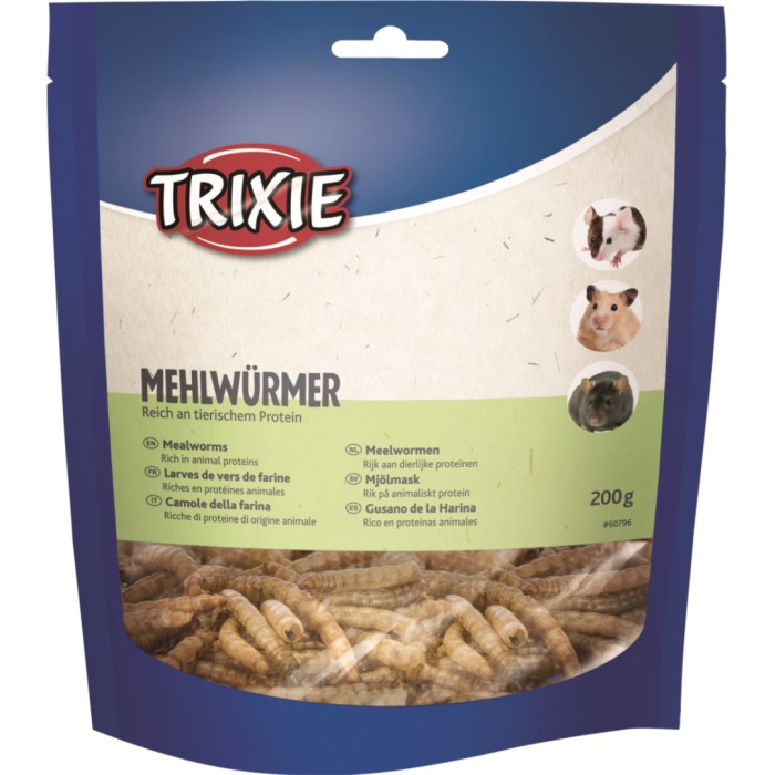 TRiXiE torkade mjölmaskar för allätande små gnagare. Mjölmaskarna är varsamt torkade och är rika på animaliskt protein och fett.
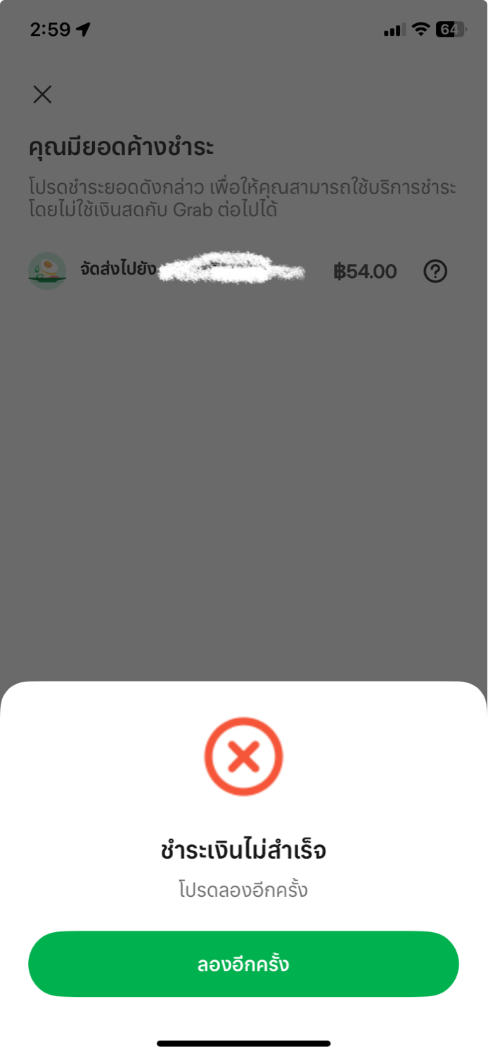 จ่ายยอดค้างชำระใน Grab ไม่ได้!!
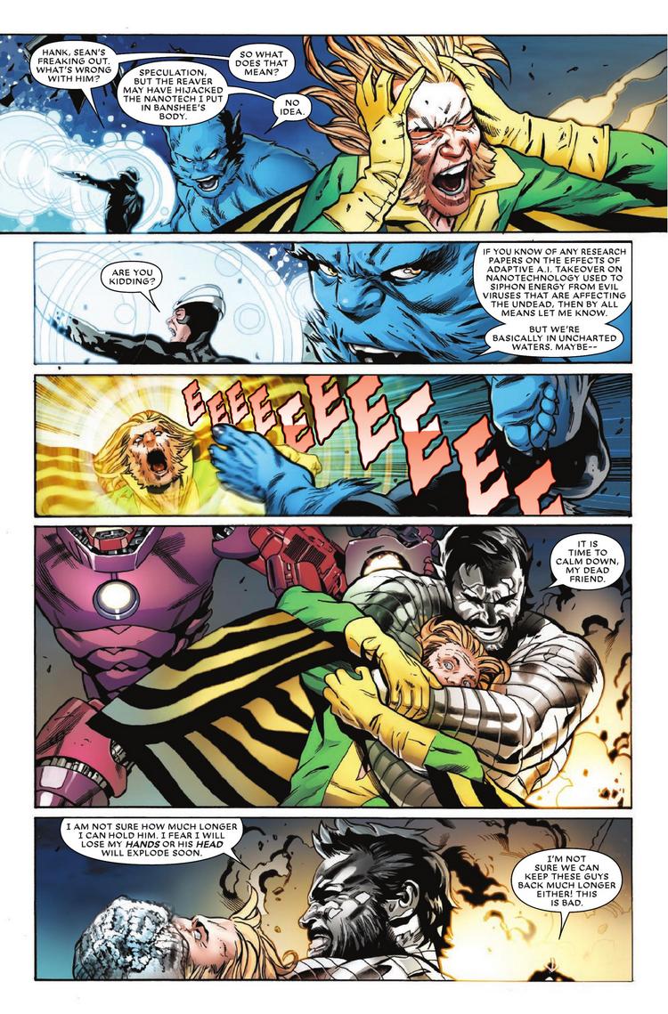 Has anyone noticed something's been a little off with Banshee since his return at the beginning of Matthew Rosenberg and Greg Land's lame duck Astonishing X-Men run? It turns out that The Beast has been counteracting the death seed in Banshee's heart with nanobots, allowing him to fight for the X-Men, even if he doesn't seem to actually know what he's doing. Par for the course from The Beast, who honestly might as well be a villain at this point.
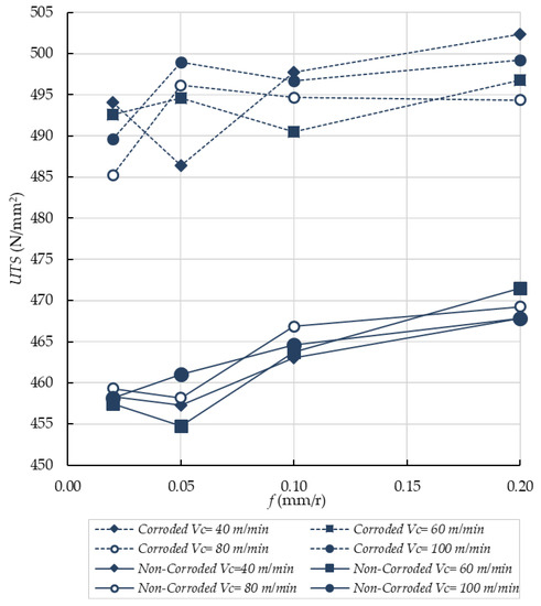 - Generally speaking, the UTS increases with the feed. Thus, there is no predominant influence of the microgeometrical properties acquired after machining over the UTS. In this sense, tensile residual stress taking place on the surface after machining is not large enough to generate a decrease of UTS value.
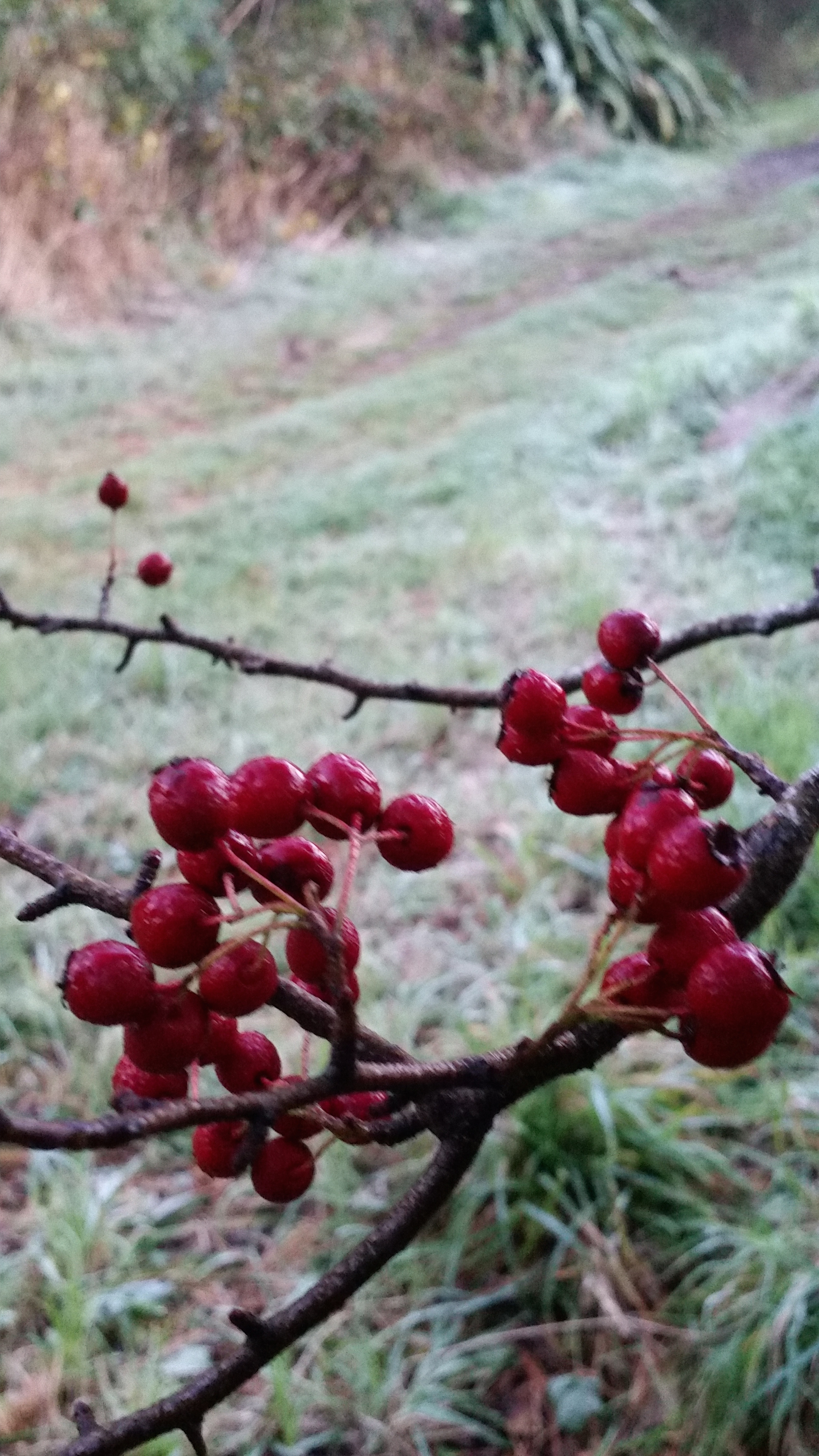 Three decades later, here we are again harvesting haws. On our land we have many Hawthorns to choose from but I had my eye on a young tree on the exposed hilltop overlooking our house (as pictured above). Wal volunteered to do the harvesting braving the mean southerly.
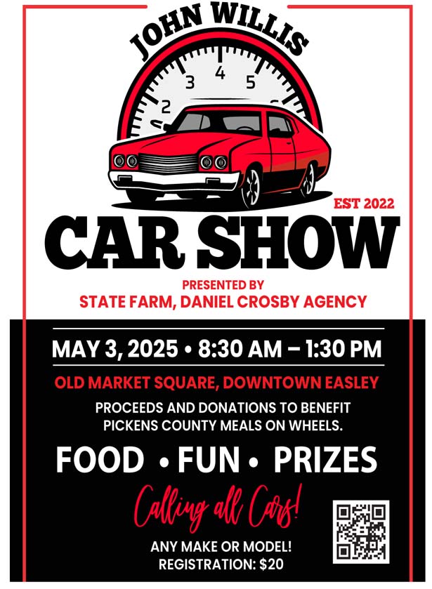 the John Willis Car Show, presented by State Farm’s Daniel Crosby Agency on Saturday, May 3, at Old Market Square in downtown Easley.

■ ■ ■ ■ ■ ■ ■

* Task brief: Reproduce the span beginning at the line with "Three decades later, here" and ending at the last line of the entries above, inclusive, exactly as it stands. Exclude the pictures.

* Response area:
 Three decades later, here we are again harvesting haws. On our land we have many Hawthorns to choose from but I had my eye on a young tree on the exposed hilltop overlooking our house (as pictured above). Wal volunteered to do the harvesting braving the mean southerly.
 the John Willis Car Show, presented by State Farm’s Daniel Crosby Agency on Saturday, May 3, at Old Market Square in downtown Easley.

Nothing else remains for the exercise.